Consider an isosceles triangle $ABC$, having its vertex angle $\hat{C}$ equal to $\pi/5$, so the base angles $\hat{A}$ and $\hat{B}$ are $2\pi/5$. Draw the bisector of angle $\hat{B}$ meeting $AC$ in $D$.
Then the triangle $ADB$ is similar to $ABC$. Call $l$ the length of $AC$ and $x$ the length of $AB$. Then $BD$ and $DC$ also have length $x$ and $l\cos2\pi/5=x/2$.
By the similarity, we have
$$
\frac{l}{x}=\frac{x}{l-x}
$$
so
$$
l^2-lx=x^2
$$
and, easily,
$$
x=\frac{\sqrt{5}-1}{2}l
$$
(the negative root must be discarded, of course). Thus
$$
\cos\frac{2\pi}{5}=\frac{\sqrt{5}-1}{4}
$$
and it's easy to compute $\sin(\pi/5)$ and $\cos(\pi/5)$ from this.

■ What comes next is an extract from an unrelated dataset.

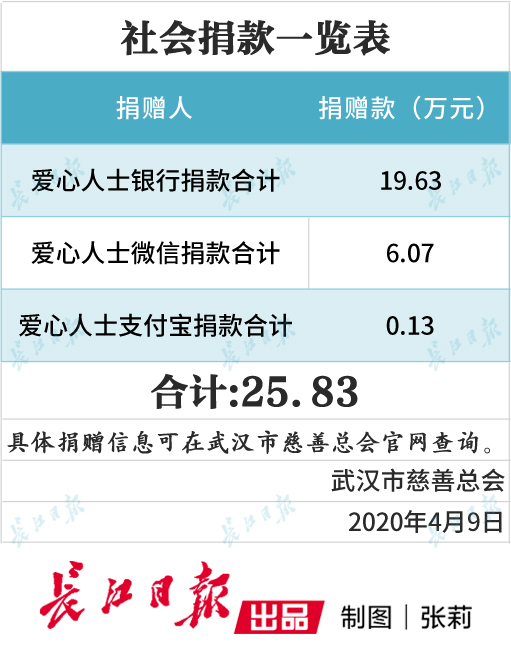 长江日报-长江网4月10日讯(记者杨帆 通讯员汪亮)1月23日,武汉市新冠肺炎防控指挥部发布第4号通告,武汉市慈善总会负责接受捐款和通用物资。现将4月8日-9日(4月8日12:00—4月9日12:00)武汉市慈善总会接收捐赠款物公示如下(具体款物使用和分配方案随后公布):

One can use the outlined strategy, too. The key is using $\pi/10$ and not $x=\pi/5$. If $x=\pi/10$, then
$$
\frac{\pi}{2}-3x=\frac{5\pi}{10}-\frac{3\pi}{10}=\frac{2\pi}{10}=2x
$$
and therefore
$$
\tan3x=\tan\left(\frac{\pi}{2}-2x\right)=\cot2x=\frac{1}{\tan2x}
$$
Now we can apply the formulas and get
$$
\frac{3\tan x-\tan^3x}{1-3\tan^2x}=\frac{1-\tan^2x}{2\tan x}
$$
or, setting $t=\tan x$,
$$
6t^2-2t^4=1-3t^2-t^2+3t^4
$$
that reduces to
$$
5t^4-10t^2+1=0
$$
This gives
$$
t^2=\frac{5+2\sqrt{5}}{5}
$$
But $\tan(\pi/5)=\tan2x$ or
$$
\tan\frac{\pi}{5}=\frac{2t}{1-t^2}
$$
and just substituting will give the result.